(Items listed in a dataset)
%%

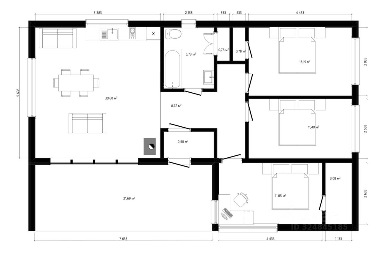 Планировка: - 3 спальни - Просторная и светлая кухня-гостиная с выходом на террасу — это настоящий дом с террасой, где приятно проводить время всей семьей.
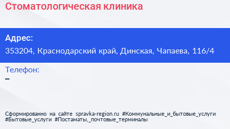 Стоматологическая клиника по адресу 353204, Краснодарский край, Динская, Чапаева, 116/4 в дальнейшем Организация, размещена в следующих категориях:
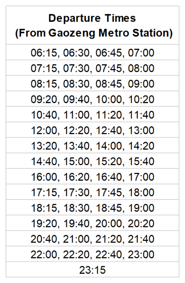 Get off at Gaozeng Station and transfer to the free T3 shuttle bus. The journey is about 6 km and takes 15 minutes, with services every 15-20 minutes.
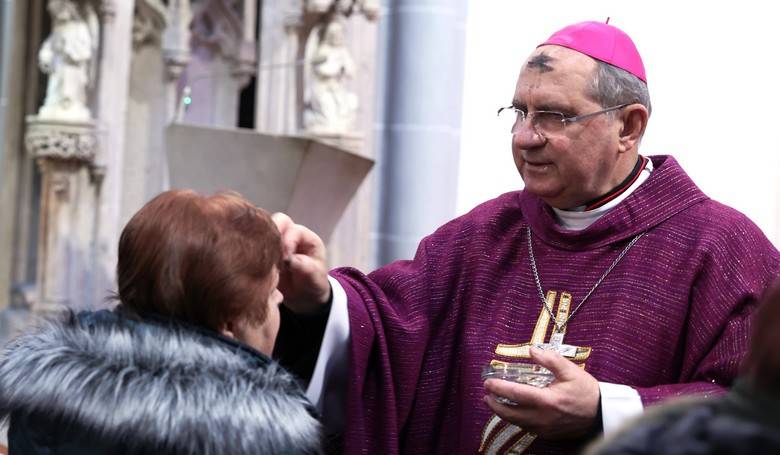 Košický arcibiskup metropolita Bernard Bober udelil veriacim znak popola v Katedrále sv. Alžbety v Košiciach. Snímka: Jaroslav Fabian
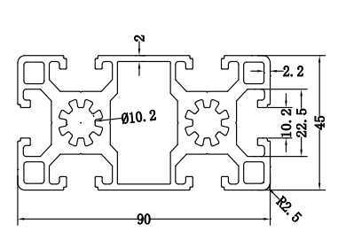 | Làm nổi bật | Hồ sơ đẩy nhôm tùy chỉnh,đùn hợp kim nhôm công nghiệp,Hồ sơ đùn kim loại 45x90 |
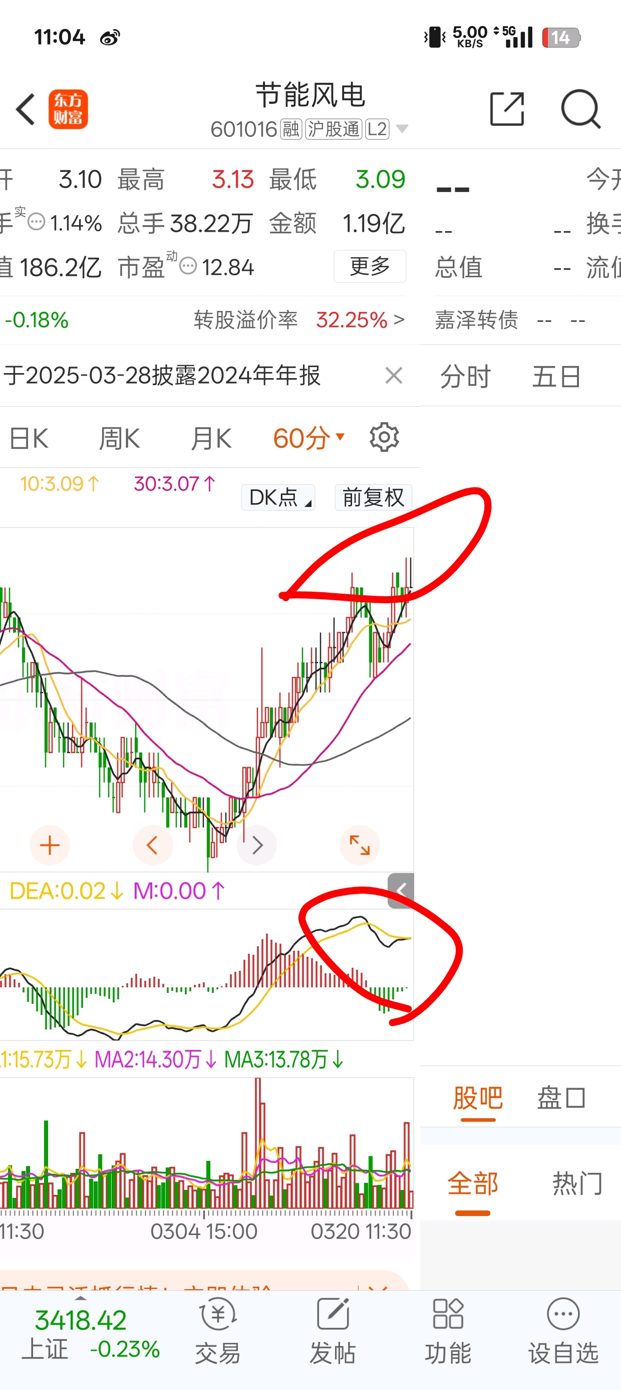 $节能风电(SH601016)$ 给你们一次技术分析,60分钟顶背离。现在是诱多过程,注意风险。
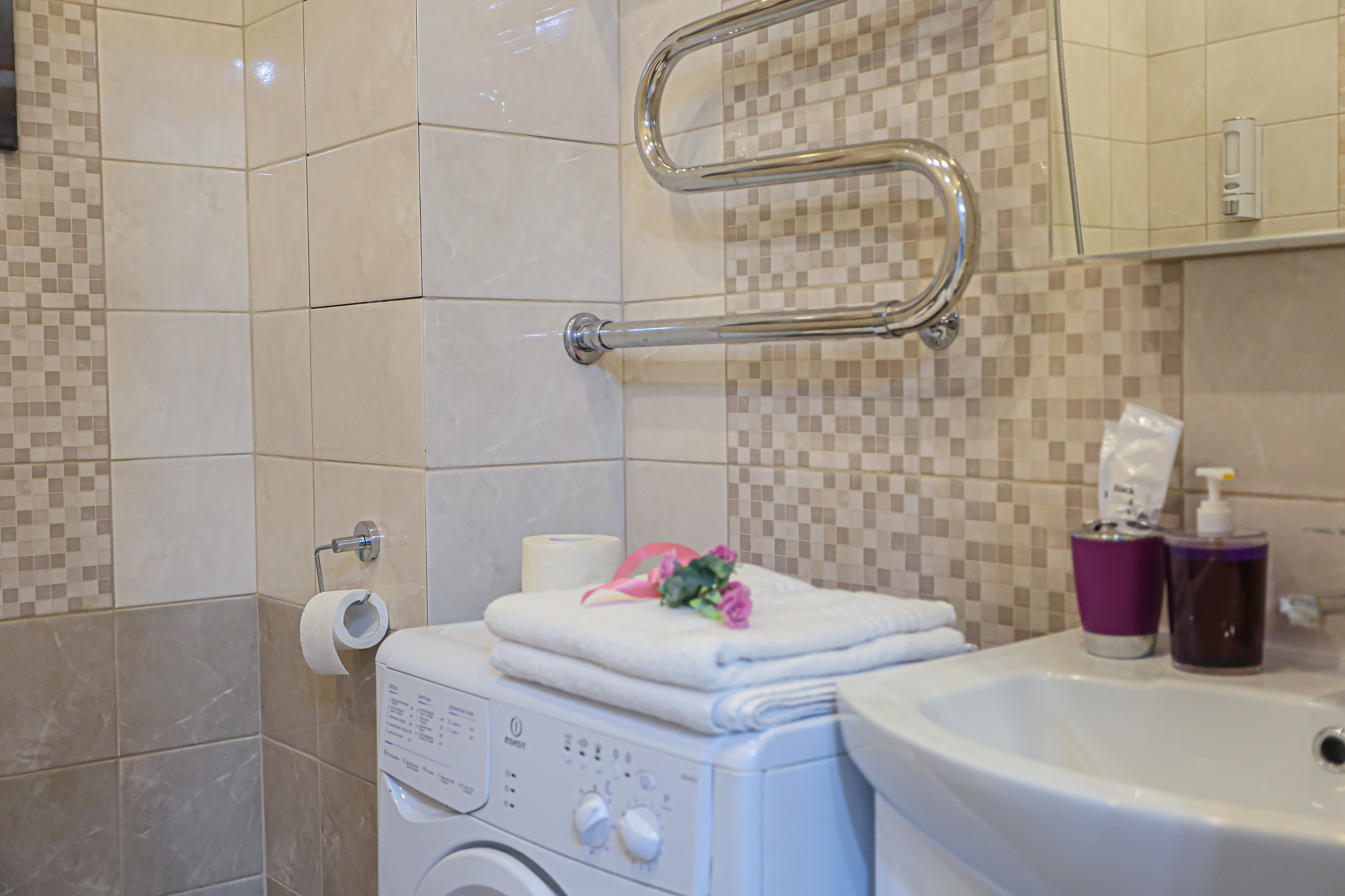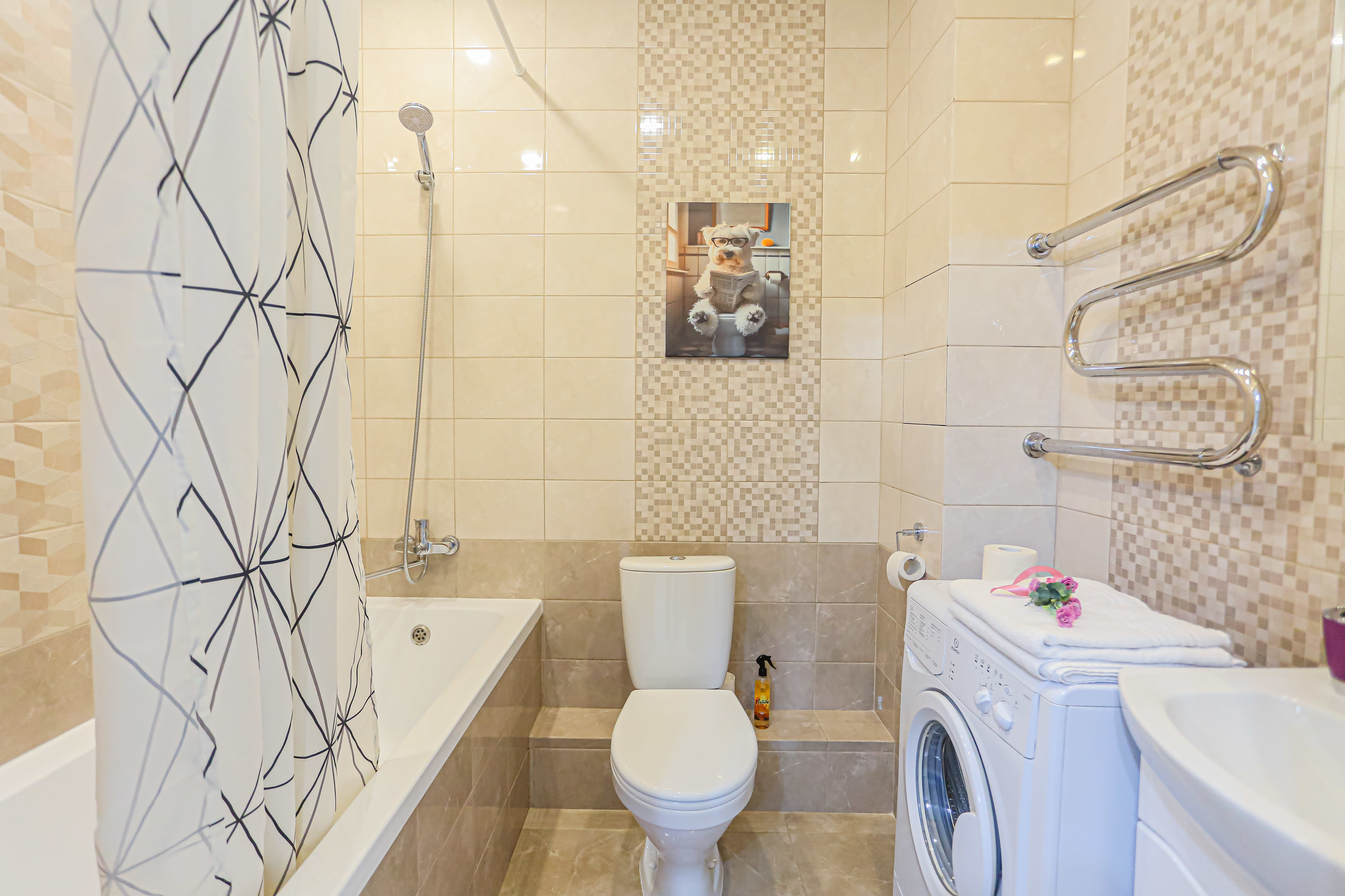 - Всё нужное для проживания: кофе, чай, посуда, утюг, стиральная машина, сушилка, гладильная доска;

%%

* What you will do
All of the lines above should be retyped precisely, apart from the pictures.

* Solved problem
 Планировка: - 3 спальни - Просторная и светлая кухня-гостиная с выходом на террасу — это настоящий дом с террасой, где приятно проводить время всей семьей.
 Стоматологическая клиника по адресу 353204, Краснодарский край, Динская, Чапаева, 116/4 в дальнейшем Организация, размещена в следующих категориях:
 Get off at Gaozeng Station and transfer to the free T3 shuttle bus. The journey is about 6 km and takes 15 minutes, with services every 15-20 minutes.
 Košický arcibiskup metropolita Bernard Bober udelil veriacim znak popola v Katedrále sv. Alžbety v Košiciach. Snímka: Jaroslav Fabian
 | Làm nổi bật | Hồ sơ đẩy nhôm tùy chỉnh,đùn hợp kim nhôm công nghiệp,Hồ sơ đùn kim loại 45x90 |
 $节能风电(SH601016)$ 给你们一次技术分析,60分钟顶背离。现在是诱多过程,注意风险。
 - Всё нужное для проживания: кофе, чай, посуда, утюг, стиральная машина, сушилка, гладильная доска;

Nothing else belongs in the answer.